A while ago I wanted to run a quantitative genetic analysis where the performance of genotypes in each site was considered as a different trait. If you think about it, with 70 sites and thousands of genotypes one is trying to fit a 70×70 additive genetic covariance matrix, which requires 70*69/2 = 2,415 covariance components. Besides requiring huge amounts of memory and being subject to all sort of estimation problems there were all sort of connectedness issues that precluded the use of Factor Analytic models to model the covariance matrix. The best next thing was to run over 2,000 bivariate analyses to build a large genetic correlation matrix (which has all sort of issues, I know). This meant leaving the computer running for over a week.

In another unrelated post, Kevin asked if I have ever considered using ASReml-R to run in parallel using a computer with multiple cores. Short answer, I haven’t, but there is always a first time.

```
require(asreml) # Multivariate mixed models
require(doMC) # To access multiple cores
registerDoMC() # to start a "parallel backend"
# Read basic density data
setwd('~/Dropbox/quantumforest')
# Phenotypes
dat = read.table('density09.txt', header = TRUE)
dat$FCLN = factor(dat$FCLN)
dat$MCLN = factor(dat$MCLN)
dat$REP = factor(dat$REP)
dat$SETS = factor(dat$SETS)
dat$FAM = factor(dat$FAM)
dat$CP = factor(dat$CP)
dat$Tree_id = factor(dat$Tree_id)
head(dat)
# Pedigree
ped = read.table('pedigree.txt', header = TRUE)
names(ped)[1] = 'Tree_id'
ped$Tree_id = factor(ped$Tree_id)
ped$Mother = factor(ped$Mother)
ped$Father = factor(ped$Father)
# Inverse of the numerator relationship matrix
Ainv = asreml.Ainverse(ped)$ginv
# Wrap call to a generic bivariate analysis
# (This one uses the same model for all sites
# but it doesn't need to be so)
bivar = function(trial1, trial2) {
t2 = dat[dat$Trial_id == trial1 | dat$Trial_id == trial2,]
t2$den1 = ifelse(t2$Trial_id == trial1, t2$DEN, NA)
t2$den2 = ifelse(t2$Trial_id == trial2, t2$DEN, NA)
t2$Trial_id = t2$Trial_id[drop = TRUE]
# Bivariate run
# Fits overall mean, random correlated additive effects with
# heterogeneous variances and diagonal matrix for heterogeneous
# residuals
den.bi = asreml(cbind(den1,den2) ~ trait,
random = ~ ped(Tree_id):corgh(trait),
data = t2,
ginverse = list(Tree_id = Ainv),
rcov = ~ units:diag(trait),
workspace=64e06, maxiter=30)
# Returns only log-Likelihood for this example
return(summary(den.bi)$loglik)
}
# Run the bivariate example in parallel for two pairs of sites
# FR38_1 with FR38_2, FR38_1 with FR38_3
foreach(trial1=rep("FR38_1",2), trial2=c("FR38_2", "FR38_3")) %dopar%
bivar(trial1, trial2)
```

The code runs in my laptop (only two cores) but I still have to test its performance in my desktop (4 cores) and see if it really makes a difference in time versus running the analyses sequentially. Initially my mistake was using the multicore package (`require(multicore)`

) directly, which doesn’t start the ‘parallel backend’ and ran sequentially. Using `require(doMC)`

loads multicore but takes care of starting the ‘parallel backend’.

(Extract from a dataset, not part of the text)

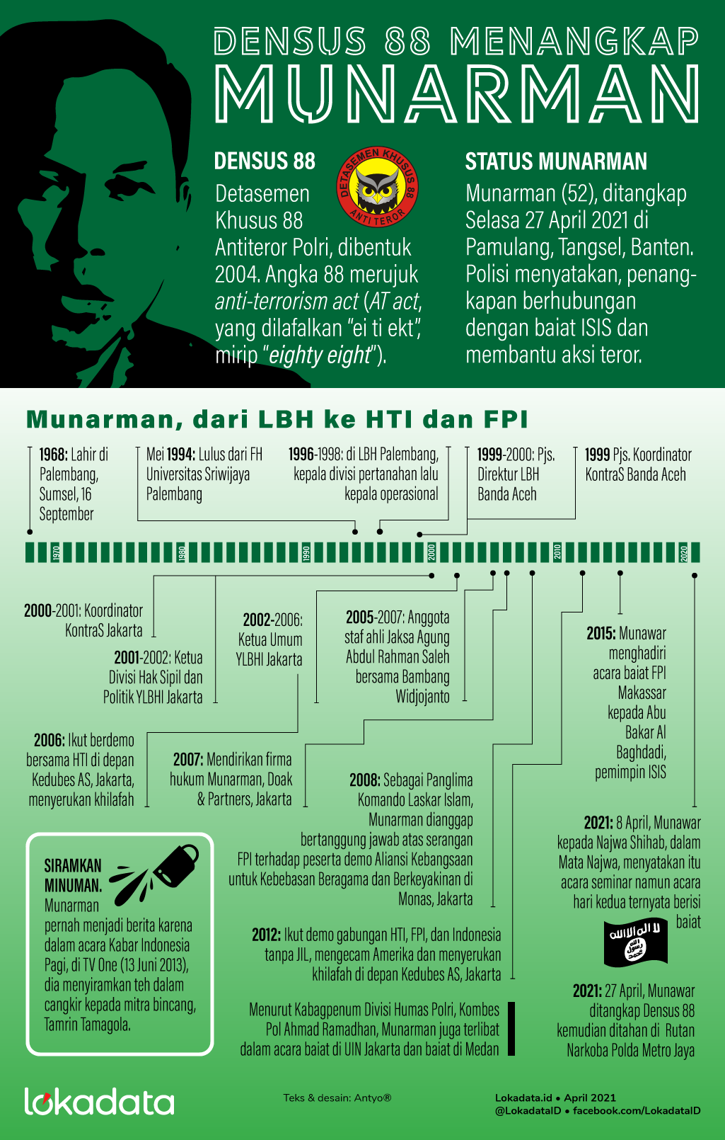 PENANGKAPAN Munarman, salah satu tokoh Front Pembela Islam (FPI — dia pernah menjadi sekretaris umum), di Pamulang, Tangerang, Banten, Selasa (27/4), karena sangkaan polisi bahwa dia terlibat baiat kepada pemipin ISIS.

P.S. Thanks to Etienne Laliberté, who sent me an email in early 2010 pointing out that I had to use doMC. One of the few exceptions in the pile of useless emails I have archived.

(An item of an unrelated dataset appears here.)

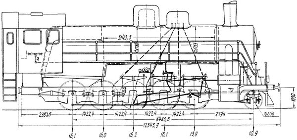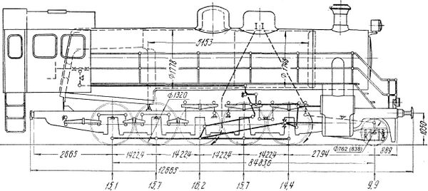 | Нагрузка от движущих осей на рельсы | 14,4—18,4 т |

P.S.2. If you want to learn more about this type of models I recommend two books: Mrode’s Linear Models for the Prediction of Animal Breeding Values, which covers multivariate evaluation with lots of gory details, and Lynch and Walsh’s Genetics and Analysis of Quantitative Traits, which is the closest thing to the bible in quantitative genetics.

P.S.3. **2012-05-08.** I did run the code in my desktop (iMac with 4 cores), making a couple of small changes in the code to have a fairer comparison between using `%dopar%`

(for parallel code) and `%par%`

(for sequential execution).

- Added
`trace = FALSE`

to the`asreml()`

call, to avoid printing partial iteration details to the screen, which happened when using`%do%`

. - Used 4 pairs of sites, so I could utilize all cores in my desktop.

Execution time for the parallel version—measured with `Sys.time()`

—was, roughly, 1/(number of cores) the time required by the sequential version.